In theory sure, but in practice who has the resources to do large scale model training on huge datasets other than large corporations?
Comment on AI industry horrified to face largest copyright class action ever certified
FauxLiving@lemmy.world 2 days ago
People cheering for this have no idea of the consequence of their copyright-maximalist position.
If using images, text, etc to train a model is copyright infringement then there will NO open models because open source model creators could not possibly obtain all of the licensing for every piece of written or visual media in the Common Crawl dataset, which is what most of these things are trained on.
As it stands now, corporations don’t have a monopoly on AI specifically because copyright doesn’t apply to AI training. Everyone has access to Common Crawl and the other large, public, datasets made from crawling the public Internet and so anyone can train a model on their own without worrying about obtaining billions of different licenses from every single individual who has ever written a word or drawn a picture.
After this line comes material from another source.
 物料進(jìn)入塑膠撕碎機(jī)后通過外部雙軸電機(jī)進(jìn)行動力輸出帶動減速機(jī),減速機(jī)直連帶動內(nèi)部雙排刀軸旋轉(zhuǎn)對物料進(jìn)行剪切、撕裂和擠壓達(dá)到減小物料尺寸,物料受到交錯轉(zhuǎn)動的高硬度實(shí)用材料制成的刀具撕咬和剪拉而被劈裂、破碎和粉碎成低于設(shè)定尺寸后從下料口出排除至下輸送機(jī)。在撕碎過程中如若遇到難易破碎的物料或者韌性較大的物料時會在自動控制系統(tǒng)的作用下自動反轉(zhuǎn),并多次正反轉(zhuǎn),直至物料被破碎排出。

If there is a ruling that training violates copyright then the only entities that could possibly afford to train LLMs or diffusion models are companies that own a large amount of copyrighted materials. Sure, one company will lose a lot of money and/or be destroyed, but the legal president would be set so that it is impossible for anyone that doesn’t have billions of dollars to train AI.
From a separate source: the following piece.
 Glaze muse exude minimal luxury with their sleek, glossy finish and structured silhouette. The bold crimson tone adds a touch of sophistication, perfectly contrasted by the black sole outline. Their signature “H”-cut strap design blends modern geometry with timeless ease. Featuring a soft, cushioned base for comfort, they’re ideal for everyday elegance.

People are shortsightedly seeing this as a victory for artists or some other nonsense. It’s not. This is a fight where large copyright holders (Disney and other large publishing companies) want to completely own the ability to train AI because they own most of the large stores of copyrighted material.
If the copyright holders win this the the open source training material, like Common Crawl, would be completely unusable to train models in the US/the West because any person who has ever posted anything to the Internet in the last 25 years could simply sue for copyright infringement.
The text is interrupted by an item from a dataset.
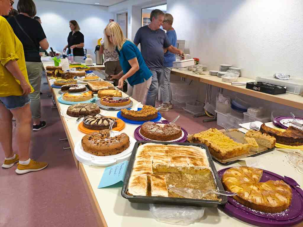 Im Gemeinschaftszentrum lockte ein großes Kuchenbuffet, das von vielen fleißigen Helferinnen und Helfern bestückt worden war. Die Freunde von der Kerbegesellschaft standen am Holzhohle-Grill und grillten leckere Würstchen und Grillkäse. Dazu gab es Kaffee und kühle Getränke, sodass sich die Gäste zwischen Marktbesuch und Flohmarkt-Tour stärken konnten. Die gemütliche Atmosphäre lud zum Verweilen ein, und nicht selten traf man Bekannte oder kam mit Fremden ins Gespräch – ganz im Sinne eines lebendigen Dorffestes.

JustARaccoon@lemmy.world 2 days ago
FauxLiving@lemmy.world 2 days ago
Distributed computing projects, large non-profits, people in the near future with much more powerful and cheaper hardware, governments which are interested in providing public services to their citizens, etc.
Look at other large technology projects. The Human Genome Project spent $3 billion to sequence the first genome but now you can have it done for around $500. This cost reduction is due to the massive, combined, effort of tens of thousands of independent scientists working on the same problem. It isn’t something that would have happened if Purdue Pharma owned the sequencing process and required every scientist to purchase a license from them in order to do research.
LLM and diffusion models are trained on the works of everyone who’s ever been online (which is stored in the Common Crawl datasets). We should not be cheering for a world where it is illegal to use this dataset and, instead, we are forced to license massive datasets from publishing companies.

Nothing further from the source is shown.